Because we do not want to remain in the eigenbasis of A, in the end, we have to transform our vector back into its original basis. In our decomposition, this step is done by applying the inverse \(T^{-1}\) of our original basis change.
So far, so good. But why should you (or anyone for that manner) care? What does all of that have to do with the question of whether or not two quantum gates commute?
Putting it all together
Each quantum gate corresponds to a unitary matrix. The simulation of a circuit amounts to the matrix multiplication of the matrices of each of its gates. Let A and B be the unitary matrices of two consecutive gates within a circuit.
According to our decomposition from above, the matrix product \(A * B\) can be rewritten as \(T_A^{-1} D_A T_A * T_B^{-1} D_B T_B\). If A and B share an eigenbasis, in other words, \(T_A = T_B = T\), the product of A and B can be further rewritten as \(A * B = T^{-1} D_A T * T^{-1} D_B T\). Because the product of a matrix with its inverse results in the identity matrix, this expression can further be simplified to \(A * B = T^{-1} D_A * D_B T\).
What does this simplified expression represent?
At first, it transforms an incoming vector into the shared eigenbasis of both matrices. Then, we scale each of its dimensions by the corresponding eigenvalues of the matrix B using the diagonal matrix \(D_B\). Afterwards, we perform the same scaling for matrix A using \(D_A\). Finally, we transform the resulting vector back into its original basis using the transformation \(T^{-1}\). The only aspect of this expression that is specific to the matrices A and B are the diagonal matrices \(D_A\) and \(D_B\).
Now the interesting part: All diagonal matrices commute!

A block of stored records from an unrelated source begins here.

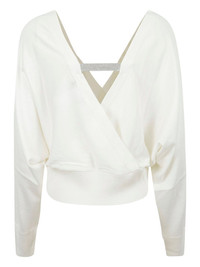 crossover-neck wrap top Highlights - White - Crossover neck - Wrap design - Long sleeves - Open back - Cropped hem Made in Italy Composition Silk 55%, Cotton 45% Washing instructions Read Manufacturer Guidelines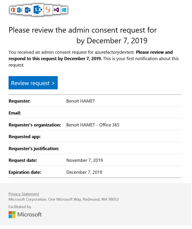 Good news, the admin consent process has been updated to be more streamlined; you can now configure a workflow to let Azure AD administrators review and approve/decline requests.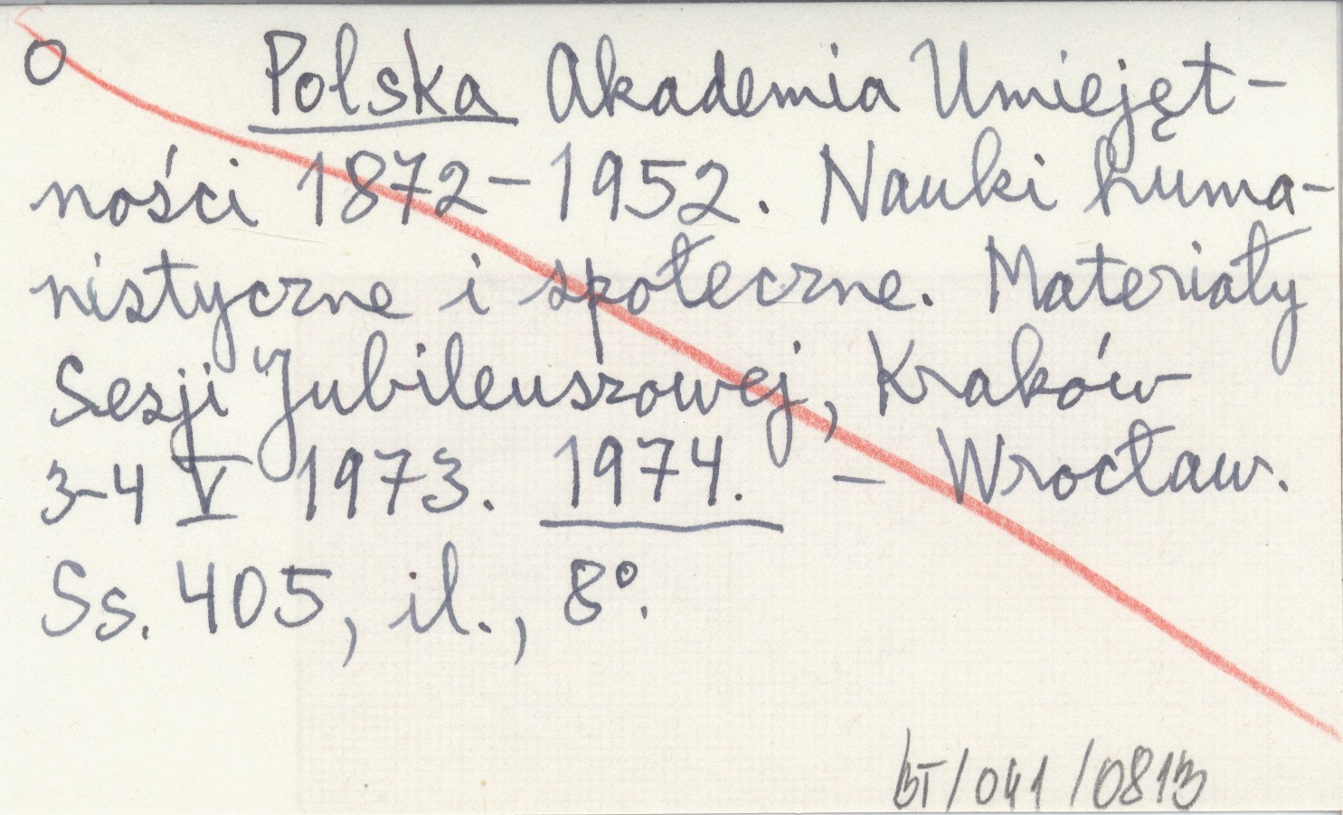 Polska Akademia Umiejętności 1872-1952. Nauki humanistyczne i społeczne. Materiały Sesji Jubileuszowej, Kraków 3-4 V 1973. 1974
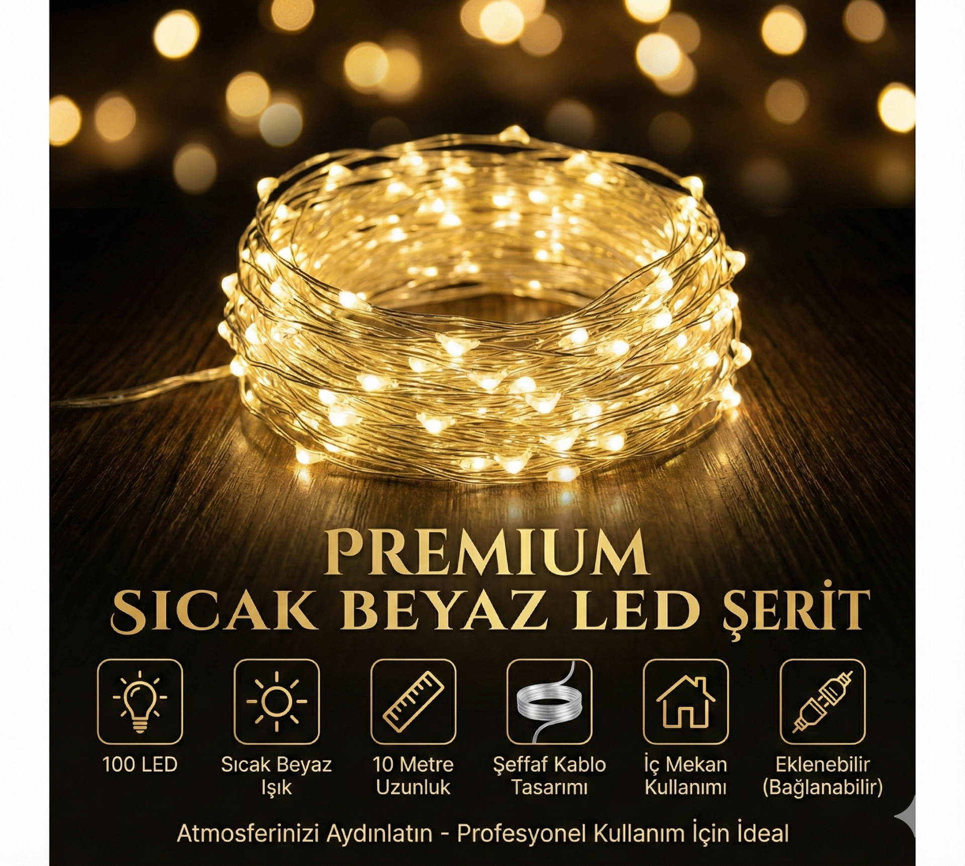 Sıcak beyaz ışık veren perde hortum, 10 metre uzunluğunda olup şeffaf kablo tasarımıyla estetik bir görünüm sunar.
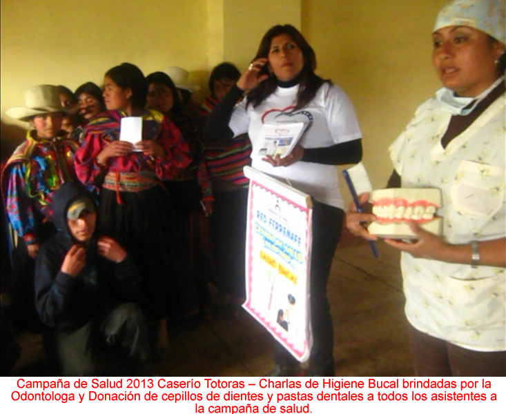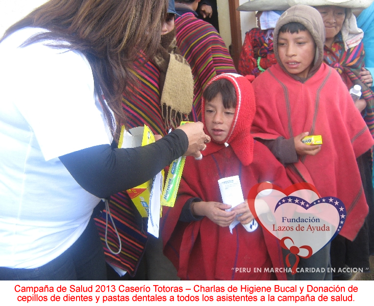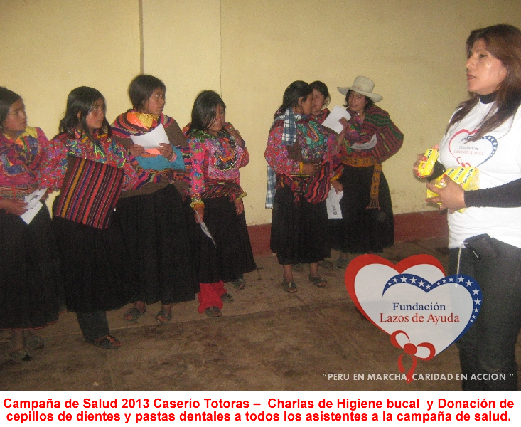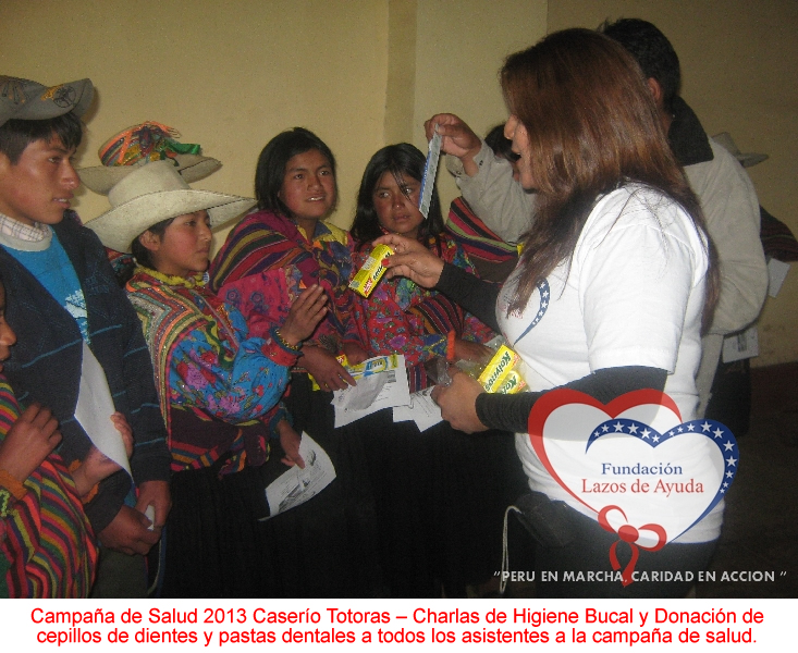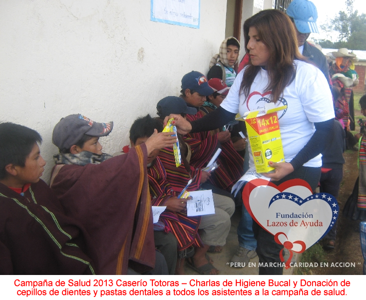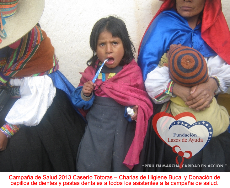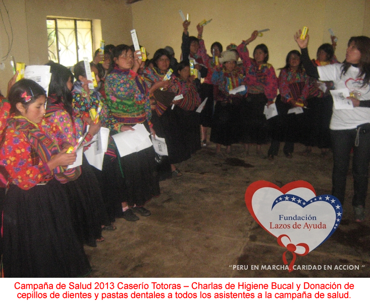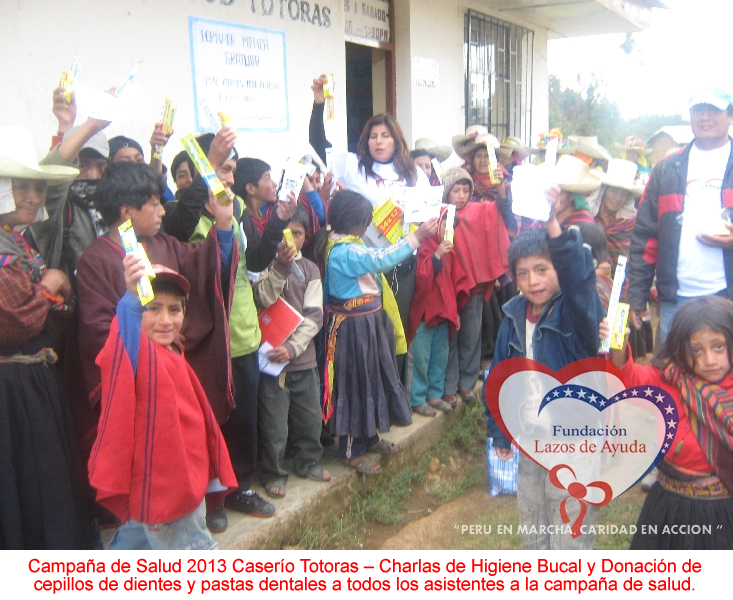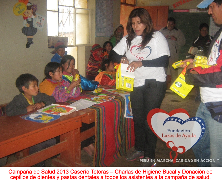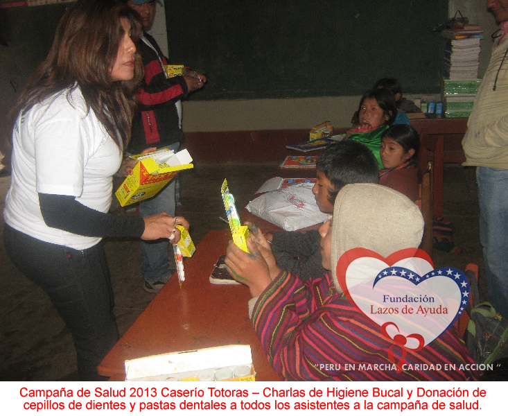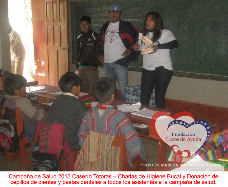 in a didactic way explain the benefits of wearing a correct oral hygiene, Dr. Libya made a demonstration of the use of toothbrush. In the same way a volunteer of Lazos de Ayuda, graduated Mg. Azucena del Pilar Jara Paredes, classroom by classroom at the school of the hamlet of Totoras, demonstrated the correct use of toothbrush and the importance and benefits of maintaining good hygiene. In the same way, explanatory educational brochures were distributed, toothbrushes and toothpastes were donated to all the children attending.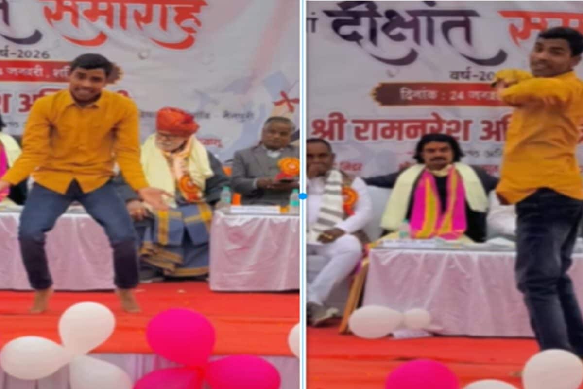 सोशल मीडिया पर एक कॉलेज के दीक्षांत समारोह का वीडियो खूब वायरल हो रहा है. स्टेज पर कई गेस्ट्स बैठे नजर आए. इनके सामने जब पीले रंग की शर्ट पहने एक लड़के ने गुरु रंधावा के सांग अज़ूल पर नाचना शुरू किया, तो सबके होश उड़ गए. लड़के के स्टेप्स तो अच्छे थे लेकिन डांस में फिनिशिंग नजर नहीं आई. साथ ही अभी तक ज्यादातर इस गाने पर लड़कियों को ही डांस करते देखा गया है, ऐसे में लड़के के डांस ने गेस्ट्स को भी हैरान कर दिया. आप भी देखिये वीडियो...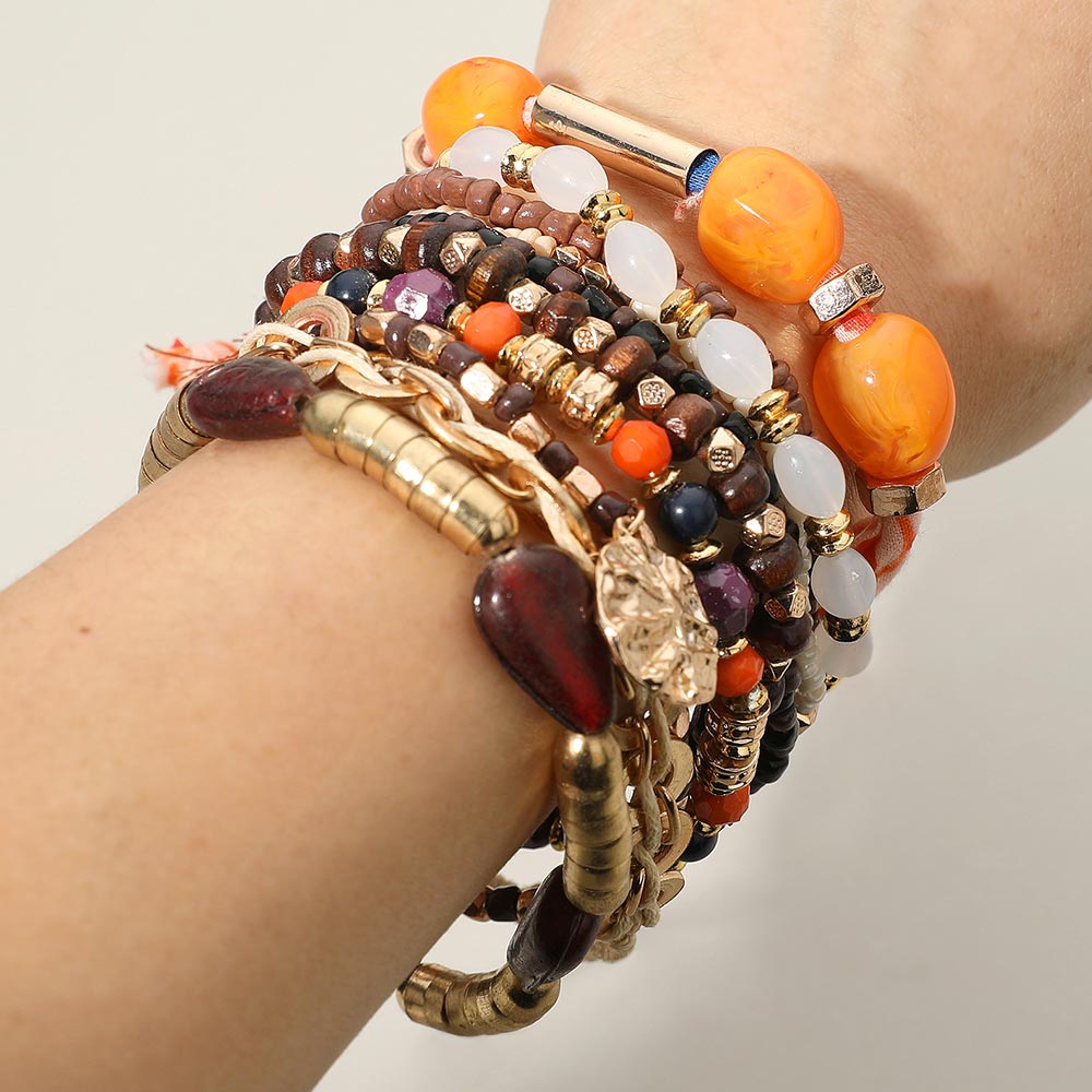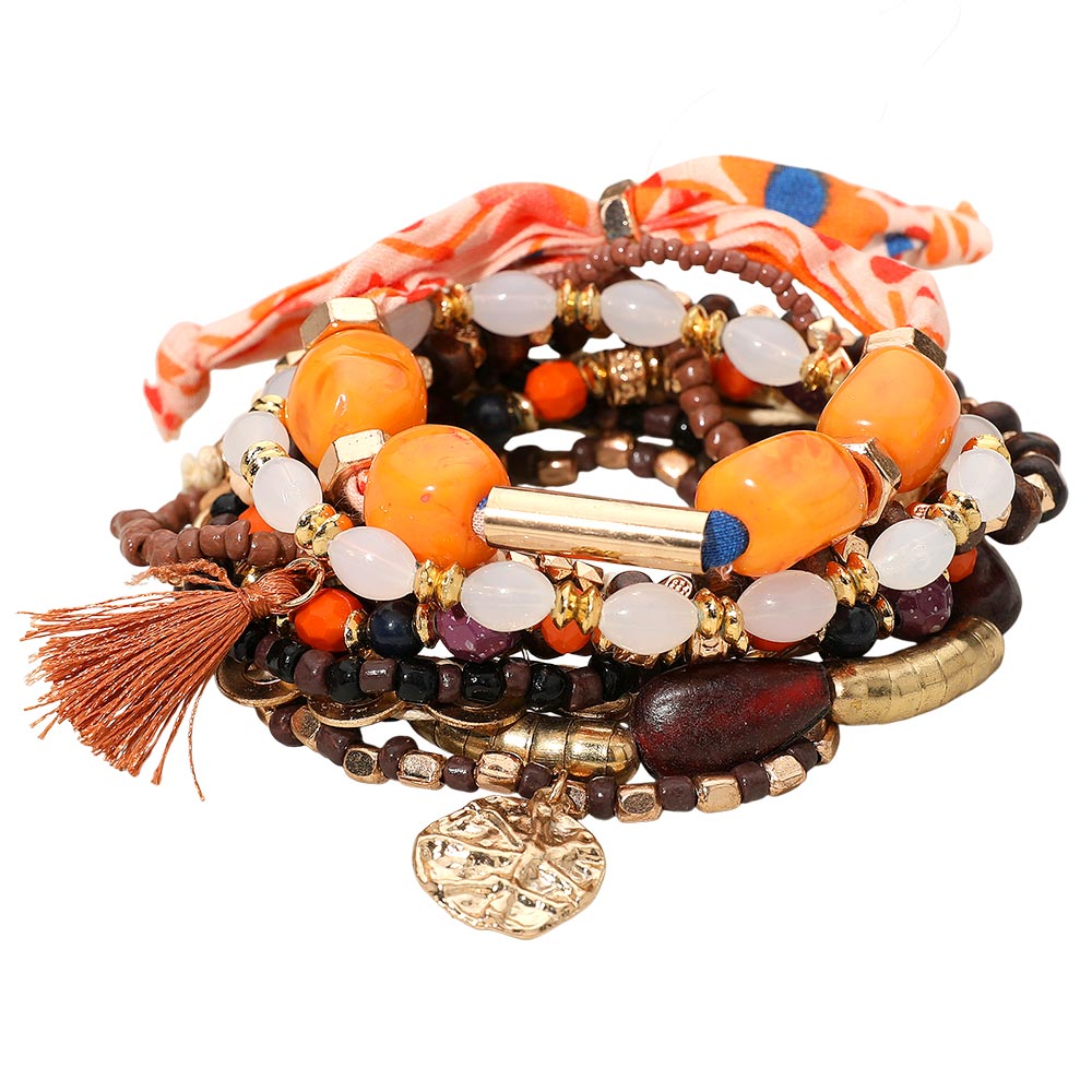 Details • Size 1 : 1.5" H / Stretchable • Size 2 : 0.8" H / Adjustable • Elevate your style with this vibrant boho bracelet stack featuring an eclectic mix of beads, bold accents, playful charms, and a soft fabric tie. Designed for effortless layering, it adds lively detail and artistic flair to everyday looks or standout outfits. • Lead and Nickel Compliant • Made In India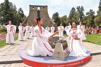 5月8日,采集使者在第十一届全国少数民族传统体育运动会火种采集仪式上采集火种。当日,第十一届全国少数民族传统体育运动会火种采集暨互联网火炬传递仪式在郑州登封观星台举行。
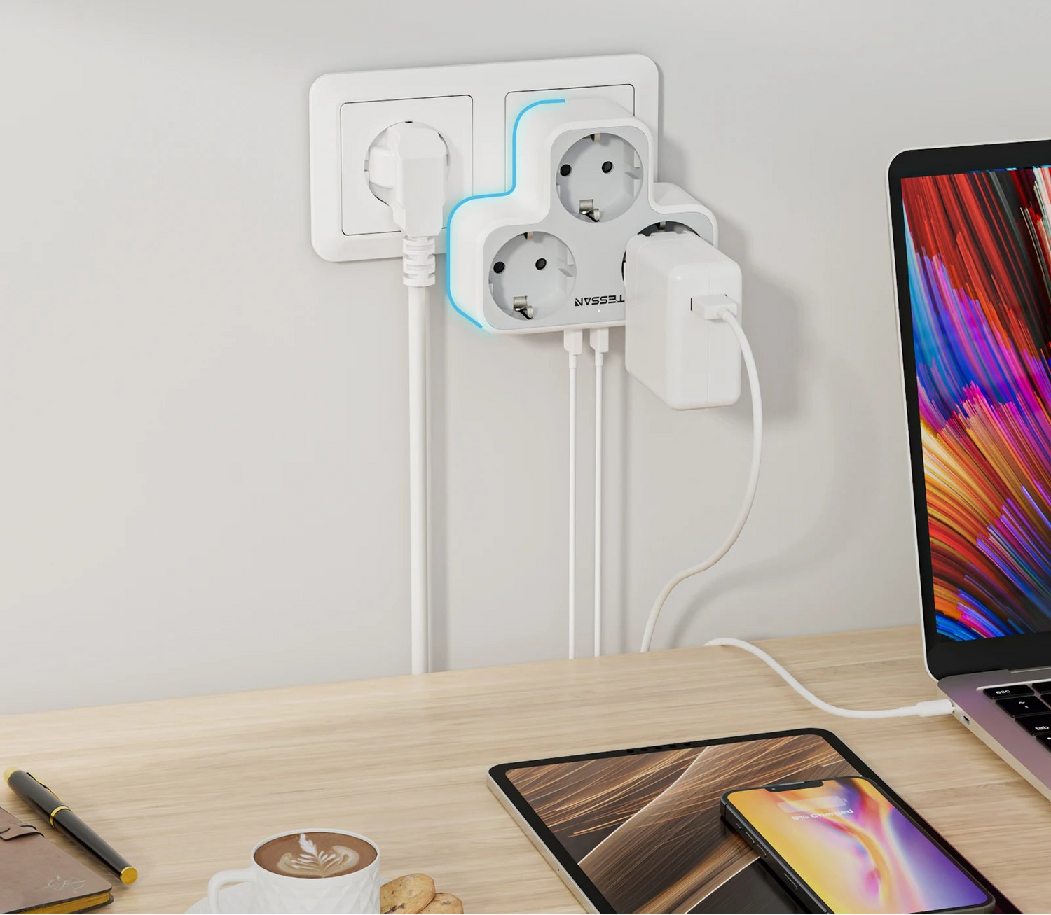 5️⃣ TESSAN Double Plug – 2 Prises + 4 USB (dont 1 USB-C)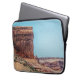Foto paisagística de um arco que se forma numa abertura de um planalto no deserto de Utah. O céu está limpo de nuvens e é um azul macio. As pedras e areias são matizes de castanhos de laranja para bege. Alguns arbustos verdes estão espalhados pelas bordas das formações. Imagem Copyright ©2024 Kimberly J Tilley. zazzle.com/store/developingnature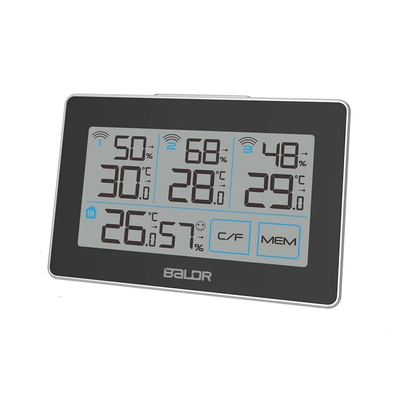 Метеостанция с дистанционным управлением, 3 беспроводных датчика температуры и влажности, с сенсорным экраном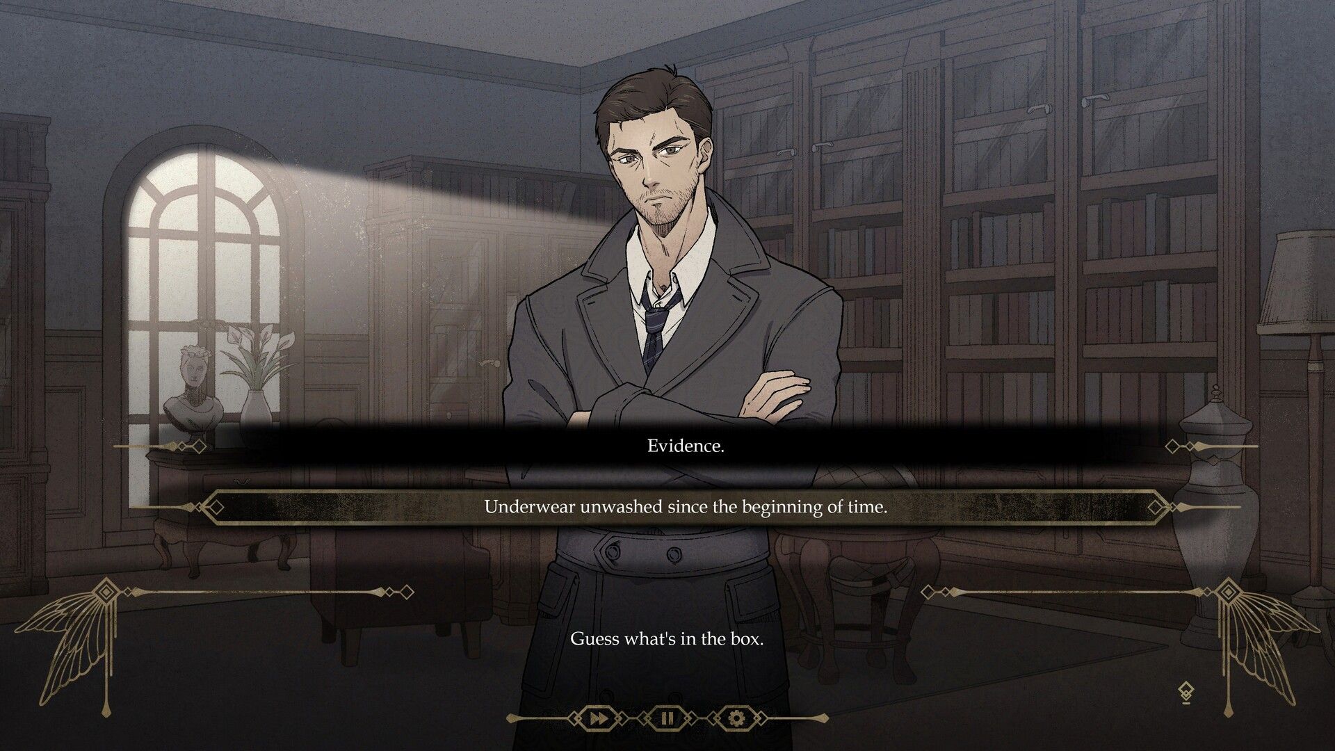 Drawing inspiration from acclaimed titles such as Strange Horticulture and the Ace Attorney series, the game combines a murder mystery game with mythological stories. The game also offers romance options and a story with multiple endings.

Therefore, as long as A and B share a common eigenbasis*, the following equality holds:
\(A * B\) \(= T_A^{-1} D_A T_A * T_B^{-1} D_B T_B\) \(= T^{-1} D_A T * T^{-1} D_B T\) \(= T^{-1} D_A D_B T\) \(= T^{-1} D_B D_A T\) \(= T^{-1} D_B T * T^{-1} D_A T\) \(= T_B^{-1} D_B T_B * T_A^{-1} D_A T_A\) \(= B * A\)As long as two unitary matrices share a common eigenbasis, they commute. In consequence, as long as the unitary matrices of two quantum gates share a common eigenbasis, the gates commute and can be swapped without altering the behavior of the sequence.
Quod erat demonstrandum.
* I chose the wording “share a common eigenbasis”, because a matrix can have more than one eigenbasis. The most important example is the identity matrix. For the identity matrix, any (complete) set of orthogonal vectors can serve as an eigenbasis. Therefore, the identity matrix commutes with all gates.